## Task prompt
When you copy the entries, omit the images and keep every word as it is.

## Given data
Segment Open

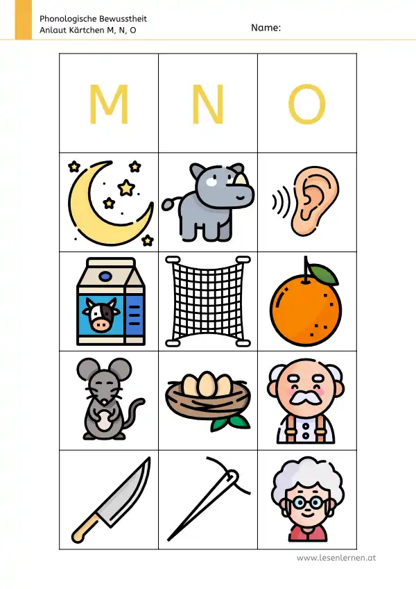 Hier findest du meine Anlautkärtchen von A bis Z. Die Kinder schauen das Bild an, sprechen das Wort laut und sagen den Anlaut (z. B. Apfel – A).
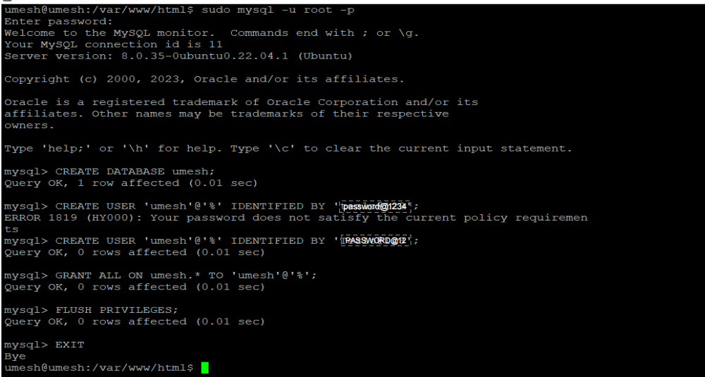 ubuntu@ubuntu: ~$/var/www/html$ sudo mysql -u root -pCreate
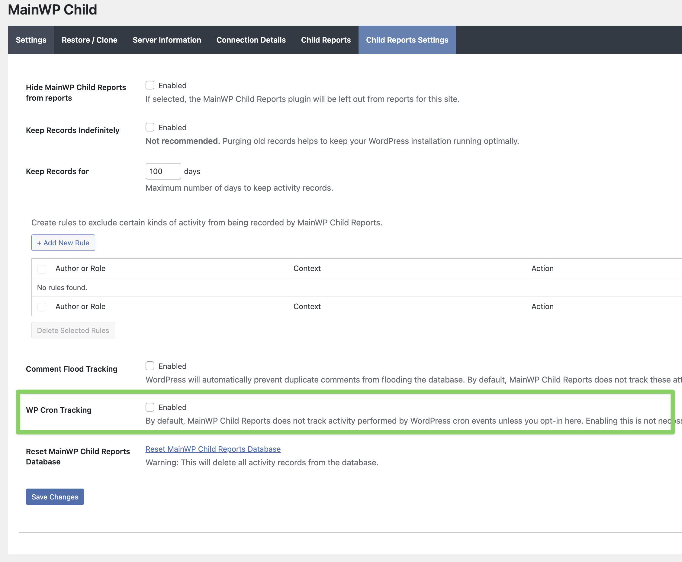 By default, MainWP Child Reports does not track WP-Cron activity, so those auto-updates will not appear in the Child Reports log or report unless WP Cron Tracking is enabled in the Child Reports settings.
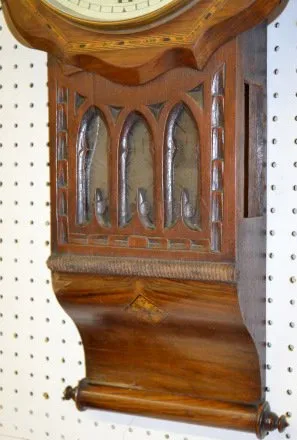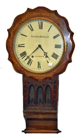 Dilger & Barclay Glasgow Wall Clock In an inlaid scroll bottom case. (The dial surround has been repaired at the 7:30 - 8:00 area. There is roughness to the case. The glass panel is cracked.) 32" Tall; 16 1/2" Wide; Dial - 11 1/2" Not tested.
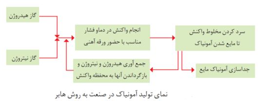 هابر واكنش میان گازهای هیدروژن و نیتروژن را بارها در دماها و فشارهای گوناگون انجام داد تا بتواند شرایط بهینه آن را پیدا كند. سرانجام دریافت که اگر مخلوط این گازها از روی یك ورقه ی آهنی (کاتالیزگر) در دما و فشار مناسب عبور داده شود با انجام واكنش، مقدار قابل توجهی آمونیاك تولید می شود؛ اما همه ی واكنش دهنده ها به فرآورده تبدیل نخواهد شد؛ زیرا این واكنش برگشت پذیر است؛ با این توصیف در ظرف واكنش مخلوطی از سه گاز هیدروژن، نیتروژن و آمونیاك وجود دارد.
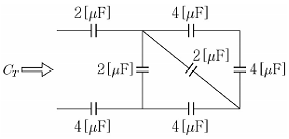 여러 개의 커패시터가 <보기>의 회로와 같이 연결되어있다. 전체 등가용량 CT[μF]은?

Segment Closed

## Response area
 Hier findest du meine Anlautkärtchen von A bis Z. Die Kinder schauen das Bild an, sprechen das Wort laut und sagen den Anlaut (z. B. Apfel – A).
 ubuntu@ubuntu: ~$/var/www/html$ sudo mysql -u root -pCreate
 By default, MainWP Child Reports does not track WP-Cron activity, so those auto-updates will not appear in the Child Reports log or report unless WP Cron Tracking is enabled in the Child Reports settings.
 Dilger & Barclay Glasgow Wall Clock In an inlaid scroll bottom case. (The dial surround has been repaired at the 7:30 - 8:00 area. There is roughness to the case. The glass panel is cracked.) 32" Tall; 16 1/2" Wide; Dial - 11 1/2" Not tested.
 هابر واكنش میان گازهای هیدروژن و نیتروژن را بارها در دماها و فشارهای گوناگون انجام داد تا بتواند شرایط بهینه آن را پیدا كند. سرانجام دریافت که اگر مخلوط این گازها از روی یك ورقه ی آهنی (کاتالیزگر) در دما و فشار مناسب عبور داده شود با انجام واكنش، مقدار قابل توجهی آمونیاك تولید می شود؛ اما همه ی واكنش دهنده ها به فرآورده تبدیل نخواهد شد؛ زیرا این واكنش برگشت پذیر است؛ با این توصیف در ظرف واكنش مخلوطی از سه گاز هیدروژن، نیتروژن و آمونیاك وجود دارد.
 여러 개의 커패시터가 <보기>의 회로와 같이 연결되어있다. 전체 등가용량 CT[μF]은?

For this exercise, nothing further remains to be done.